___ Data supplied ___
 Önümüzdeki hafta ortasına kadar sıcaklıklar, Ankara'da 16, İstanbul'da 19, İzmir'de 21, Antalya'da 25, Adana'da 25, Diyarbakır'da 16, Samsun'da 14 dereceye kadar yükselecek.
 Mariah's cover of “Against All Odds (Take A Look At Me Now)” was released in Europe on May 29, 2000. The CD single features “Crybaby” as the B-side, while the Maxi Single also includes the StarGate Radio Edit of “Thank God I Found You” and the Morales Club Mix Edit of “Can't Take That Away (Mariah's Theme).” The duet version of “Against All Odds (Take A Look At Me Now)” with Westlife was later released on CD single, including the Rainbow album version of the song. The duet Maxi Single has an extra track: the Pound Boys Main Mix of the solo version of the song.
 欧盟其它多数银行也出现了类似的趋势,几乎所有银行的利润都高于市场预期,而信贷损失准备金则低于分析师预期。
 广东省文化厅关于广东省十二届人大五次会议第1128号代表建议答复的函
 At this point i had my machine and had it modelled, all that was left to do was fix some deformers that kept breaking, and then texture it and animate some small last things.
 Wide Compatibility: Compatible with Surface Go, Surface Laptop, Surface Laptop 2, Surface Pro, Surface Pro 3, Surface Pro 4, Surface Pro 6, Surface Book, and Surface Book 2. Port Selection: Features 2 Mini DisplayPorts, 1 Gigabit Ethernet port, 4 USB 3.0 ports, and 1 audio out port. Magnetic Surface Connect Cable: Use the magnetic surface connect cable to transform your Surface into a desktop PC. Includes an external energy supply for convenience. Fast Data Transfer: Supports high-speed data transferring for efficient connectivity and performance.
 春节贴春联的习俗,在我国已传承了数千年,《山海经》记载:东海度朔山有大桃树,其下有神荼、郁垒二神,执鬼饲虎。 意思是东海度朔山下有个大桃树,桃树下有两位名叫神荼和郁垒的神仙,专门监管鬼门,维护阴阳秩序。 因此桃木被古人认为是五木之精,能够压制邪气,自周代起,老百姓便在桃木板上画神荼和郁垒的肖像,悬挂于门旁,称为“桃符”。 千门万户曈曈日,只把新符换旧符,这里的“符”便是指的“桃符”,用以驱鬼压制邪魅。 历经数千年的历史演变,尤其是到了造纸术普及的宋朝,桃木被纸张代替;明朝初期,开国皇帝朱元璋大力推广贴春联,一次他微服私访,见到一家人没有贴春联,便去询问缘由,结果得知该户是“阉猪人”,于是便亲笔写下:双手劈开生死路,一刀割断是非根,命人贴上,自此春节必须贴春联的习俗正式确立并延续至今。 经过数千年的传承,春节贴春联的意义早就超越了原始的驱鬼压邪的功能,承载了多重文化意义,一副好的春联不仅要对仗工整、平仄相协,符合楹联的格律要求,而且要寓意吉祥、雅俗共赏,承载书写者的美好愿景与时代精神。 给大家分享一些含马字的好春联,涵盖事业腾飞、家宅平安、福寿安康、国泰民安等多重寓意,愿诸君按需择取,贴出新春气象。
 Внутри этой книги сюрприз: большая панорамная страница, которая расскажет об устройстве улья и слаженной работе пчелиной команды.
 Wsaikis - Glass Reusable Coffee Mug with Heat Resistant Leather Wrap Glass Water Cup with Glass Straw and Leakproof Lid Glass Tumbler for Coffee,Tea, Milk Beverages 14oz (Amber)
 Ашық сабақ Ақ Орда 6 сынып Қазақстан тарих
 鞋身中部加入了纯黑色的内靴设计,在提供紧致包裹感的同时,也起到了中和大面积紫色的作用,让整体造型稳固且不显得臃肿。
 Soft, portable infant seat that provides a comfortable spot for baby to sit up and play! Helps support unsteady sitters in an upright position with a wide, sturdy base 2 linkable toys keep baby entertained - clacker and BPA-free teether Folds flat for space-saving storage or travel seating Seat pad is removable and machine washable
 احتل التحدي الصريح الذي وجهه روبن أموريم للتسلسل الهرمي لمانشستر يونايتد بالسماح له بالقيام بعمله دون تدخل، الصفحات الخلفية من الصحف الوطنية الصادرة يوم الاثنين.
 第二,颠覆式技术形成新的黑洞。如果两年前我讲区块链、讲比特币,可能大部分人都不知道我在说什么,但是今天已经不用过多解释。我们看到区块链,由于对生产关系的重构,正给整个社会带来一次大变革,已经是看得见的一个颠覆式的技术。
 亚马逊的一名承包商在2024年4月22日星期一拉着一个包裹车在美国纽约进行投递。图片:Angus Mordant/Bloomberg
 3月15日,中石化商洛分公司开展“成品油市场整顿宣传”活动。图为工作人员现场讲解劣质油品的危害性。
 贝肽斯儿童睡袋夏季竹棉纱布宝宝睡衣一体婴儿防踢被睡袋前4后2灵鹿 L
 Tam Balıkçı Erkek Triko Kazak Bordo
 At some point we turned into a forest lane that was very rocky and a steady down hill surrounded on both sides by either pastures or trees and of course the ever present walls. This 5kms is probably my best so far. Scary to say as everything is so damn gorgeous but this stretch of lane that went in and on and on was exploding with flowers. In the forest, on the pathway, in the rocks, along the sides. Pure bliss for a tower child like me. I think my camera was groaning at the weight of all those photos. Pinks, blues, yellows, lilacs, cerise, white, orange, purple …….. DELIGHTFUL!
___
Task directions:
Find where the line with "Wide Compatibility: Compatible" sits in the material above, then copy exactly from it through the line with "鞋身中部加入了纯黑色的内靴设". Add no other line.

Completed task:
 Wide Compatibility: Compatible with Surface Go, Surface Laptop, Surface Laptop 2, Surface Pro, Surface Pro 3, Surface Pro 4, Surface Pro 6, Surface Book, and Surface Book 2. Port Selection: Features 2 Mini DisplayPorts, 1 Gigabit Ethernet port, 4 USB 3.0 ports, and 1 audio out port. Magnetic Surface Connect Cable: Use the magnetic surface connect cable to transform your Surface into a desktop PC. Includes an external energy supply for convenience. Fast Data Transfer: Supports high-speed data transferring for efficient connectivity and performance.
 春节贴春联的习俗,在我国已传承了数千年,《山海经》记载:东海度朔山有大桃树,其下有神荼、郁垒二神,执鬼饲虎。 意思是东海度朔山下有个大桃树,桃树下有两位名叫神荼和郁垒的神仙,专门监管鬼门,维护阴阳秩序。 因此桃木被古人认为是五木之精,能够压制邪气,自周代起,老百姓便在桃木板上画神荼和郁垒的肖像,悬挂于门旁,称为“桃符”。 千门万户曈曈日,只把新符换旧符,这里的“符”便是指的“桃符”,用以驱鬼压制邪魅。 历经数千年的历史演变,尤其是到了造纸术普及的宋朝,桃木被纸张代替;明朝初期,开国皇帝朱元璋大力推广贴春联,一次他微服私访,见到一家人没有贴春联,便去询问缘由,结果得知该户是“阉猪人”,于是便亲笔写下:双手劈开生死路,一刀割断是非根,命人贴上,自此春节必须贴春联的习俗正式确立并延续至今。 经过数千年的传承,春节贴春联的意义早就超越了原始的驱鬼压邪的功能,承载了多重文化意义,一副好的春联不仅要对仗工整、平仄相协,符合楹联的格律要求,而且要寓意吉祥、雅俗共赏,承载书写者的美好愿景与时代精神。 给大家分享一些含马字的好春联,涵盖事业腾飞、家宅平安、福寿安康、国泰民安等多重寓意,愿诸君按需择取,贴出新春气象。
 Внутри этой книги сюрприз: большая панорамная страница, которая расскажет об устройстве улья и слаженной работе пчелиной команды.
 Wsaikis - Glass Reusable Coffee Mug with Heat Resistant Leather Wrap Glass Water Cup with Glass Straw and Leakproof Lid Glass Tumbler for Coffee,Tea, Milk Beverages 14oz (Amber)
 Ашық сабақ Ақ Орда 6 сынып Қазақстан тарих
 鞋身中部加入了纯黑色的内靴设计,在提供紧致包裹感的同时,也起到了中和大面积紫色的作用,让整体造型稳固且不显得臃肿。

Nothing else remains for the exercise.